If using a dishwasher, the best way to clean glasses is to add a cup of white wine vinegar to the dish washer. The vinegar prevents soap scum form attaching to the glasses. But you also need to make sure the glass’s base is clean as well. Nothing is as depressing as getting a dirty glass with a nice amount of good wine.

I just washed about 70 glasses from last night’s tasting of Ballentine and St. Clement. Everyone had a nice clean glass and we had plenty to choose from. It was an event where we really did Uncork Happiness.

Cakebread vs. Layercake, Who took the Cake?

Saturday, it was cold, wet and raining. But a small group braved the weather and gathered at California Taste Fine Wine, prepared to determine which wine they liked better. The concept of the tasting was to pit Cakebread Cellars against Layercake and few other random wines. If you are not familiar with Cakebread or Layercake, check out the links. But Just a quick word about Layercake: The wines are produced by the same people that make the 100 Acres wines in Napa. Extremely high end and very tasty. And the reputation of Cakebread is legendary among wine drinkers.
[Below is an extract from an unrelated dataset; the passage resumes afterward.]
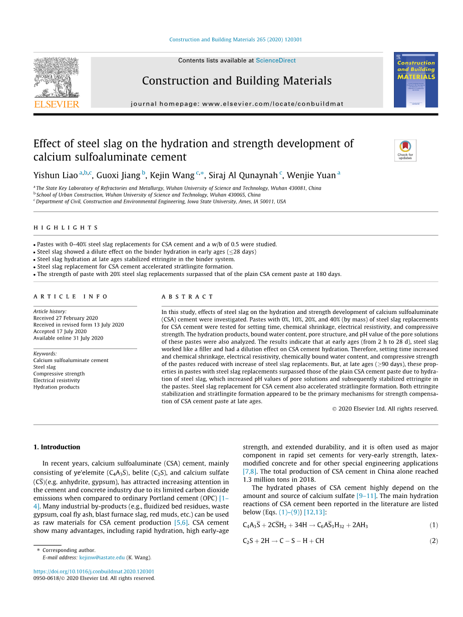 钢渣对硫铝酸钙水泥水化及强度发展的影响外文翻译资料

We started by pitting Cakebread Chardonnay (2008) against Clos du Val Chardonnay (2007). The Clos du Val had a sharper taste than the Cakebread. A bit more tart and not as smooth as the Cakebread. But this is just my opinion. The tasters voted and Clos du Val won by a single vote. I am not sure if price was a factor, as the Cakebread was about $20 more than the Clos du Val.

The next smack down was all about Malbec. Layercake (2008) vs. Vinorum (2005). Both are from high in the Andes near Mendoza, Argentina. Malbec is quickly gaining in popularity among wine drinkers for both big fruit, earthiness and very good prices. You can pick up great bottles of Malbec for well under $20. But in this tastng, it was very interesting as the tasters tied on which was better. This speaks to the quality of both wines and price differential was only $4. So you can’t go wrong with a nice Malbec, it seems. And for those who like an earthy wine, this will fit the bill. Just a side note, Rose of Malbec is very good as well.
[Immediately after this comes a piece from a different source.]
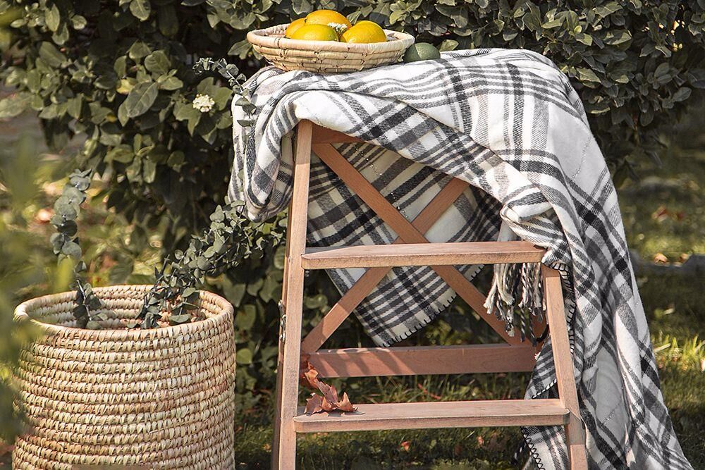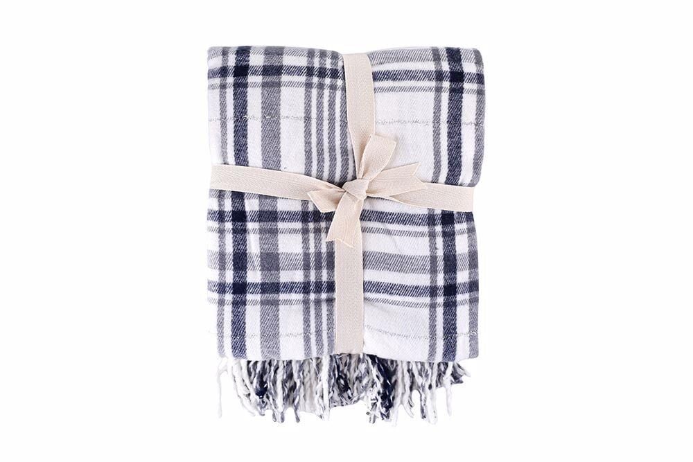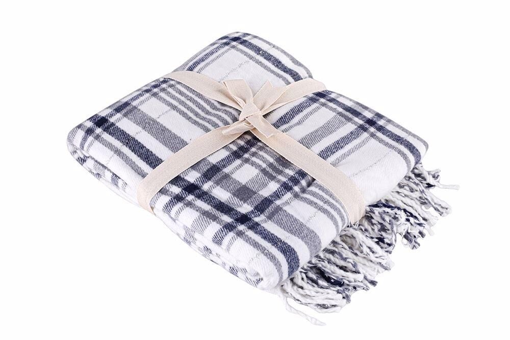 Porland Gri Kareli Simli Battaniye Çift Kişilik

The next challenge was perhaps the most interesting of all. Layercake Primitivo (2008) against Cakebread Zinfandel (2006). Primitivo is basically the same grape as Zinfandel but typically hails from Puglia in southern Italy. And yes, Zinfandel is red and is not native to California, where it seems it is the state grape. It originated in Croatia and is believed to have to California with the missionaries. But on to the tasting. The Layercake was thick and chewy, with tobbacco, black fruit, oak and a hint of earth. The Cakebread was fruitier with toasty oak and lots of finish. The tasters voted overwhelmingly for the Cakebread. I was personally torn as I thought both were exceptional.
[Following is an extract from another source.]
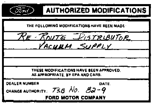 6. Obtain an Authorized Modifications decal and list the date, dealer number, alterations performed, and the change authority (TSB number and article) as shown below. Select a prominent place adjacent to the Vehicle Emission Control Information decal suitable for installing the Authorized Modifications decal. Clean the area, install the decal and cover it with a clear plastic decal shield.

The final challenge involved Cabernet Sauvignon. Cakebread (2006) vs. Layercake (2007). Both were rich with black cherry, blackberry, blueberry and oak, hints of cinnamon and clove. Both had a long finish. But For me, the Cakebread was a wine that needed a bit of cellaring. It was very complex, not 100% integrated yet. This is a bottle that five years from now, I will be screaming, why don’t I have a case of this? It is a wine that will surely reward the patient. The Layercake was a bit fruitier and was exceptional as well. It is the wine that is good for stunning your holiday guests. The tasters voted in favor of the Cakebread, 2 to 1. But it must be pointed out that the price differential between these two wines is about $45.

It is nice when our customers can come and vote on what they like. Most said each wine was great, but the California palette certainly showed in this tasting. The wines that were more fruit forward tended to get the nod over those that were more restrained. It would be fun to revist these same vintages in two years and see if the opinions are the same. And we would get to see just how nicely these wines are developing.

At California Taste Fine Wine, there are a number of themed tastings each week. And we believe in educating the wine buyer so they become a better consumer in both retail and when ordering wine in a restaurant. We look forward to helping you enhance your wine experience as you uncork happiness.